16

Pourtant, je n’étais pas toujours de cette humeur. Parfois la passivité de Bartleby m’irritait. Je me sentais étrangement impatient de provoquer un nouveau conflit, de tirer de lui quelque étincelle de colère qui répondît à la mienne propre. Mais autant chercher à faire jaillir une flamme en frottant ses phalanges contre un savon de Marseille.

Un après-midi cependant, l’impulsion mauvaise prit le dessus sur moi et la petite scène suivante se déroula.

Bartleby, quand vous aurez fini de copier ces pièces, je les collationnerai avec vous.

Je préférerais pas.

Comment ? Pour sûr, vous n’entendez pas persister dans cet entêtement de mule ?

Pas de réponse.

Je poussai les battants de la porte et, me tournant vers Dindon et Lagrinche, je m’exclamai :

Bartleby déclare pour la seconde fois qu’il ne veut pas collationner ses pièces. Qu’en pensez-vous, Dindon ?

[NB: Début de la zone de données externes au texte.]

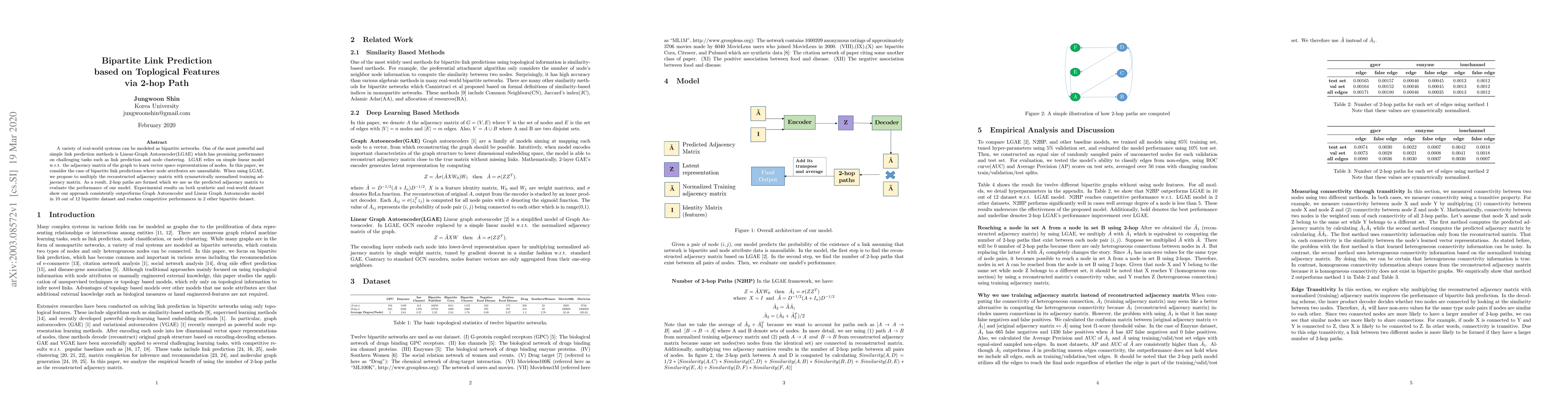 A variety of real-world systems can be modeled as bipartite networks. One of the most powerful and simple link prediction methods is Linear-Graph Autoencoder(LGAE) which has promising performance on challenging tasks such as link prediction and node clustering. LGAE relies on simple linear model w.r.t. the adjacency matrix of the graph to learn vector space representations of nodes. In this paper, we consider the case of bipartite link predictions where node attributes are unavailable. When using LGAE, we propose to multiply the reconstructed adjacency matrix with a symmetrically normalized training adjacency matrix. As a result, 2-hop paths are formed which we use as the predicted adjacency matrix to evaluate the performance of our model. Experimental results on both synthetic and real-world dataset show our approach consistently outperforms Graph Autoencoder and Linear Graph Autoencoder model in 10 out of 12 bipartite dataset and reaches competitive performances in 2 other bipartite dataset.

C’était l’après-midi, notez-le bien. Dindon flamboyait comme un chaudron de cuivre ; sa tête chauve fumait ; ses mains vaguaient parmi ses papiers tachés d’encre.

Ce que j’en pense ? rugit-il. Je pense que je m’en vais tout simplement passer derrière son paravent et lui pocher les yeux !

Ce disant, Dindon sauta sur ses pieds et lança ses bras en avant dans une posture pugilistique.

Asseyez-vous, Dindon. Écoutons ce que va dire Lagrinche. Qu’en pensez-vous, Lagrinche ? Ne serais-je pas en droit de renvoyer immédiatement Bartleby ?

Excusez-moi, monsieur, c’est à vous d’en décider. Je trouve sa conduite tout à fait anormale, et même injuste envers Dindon et moi. Mais ce n’est peut-être qu’une lubie passagère.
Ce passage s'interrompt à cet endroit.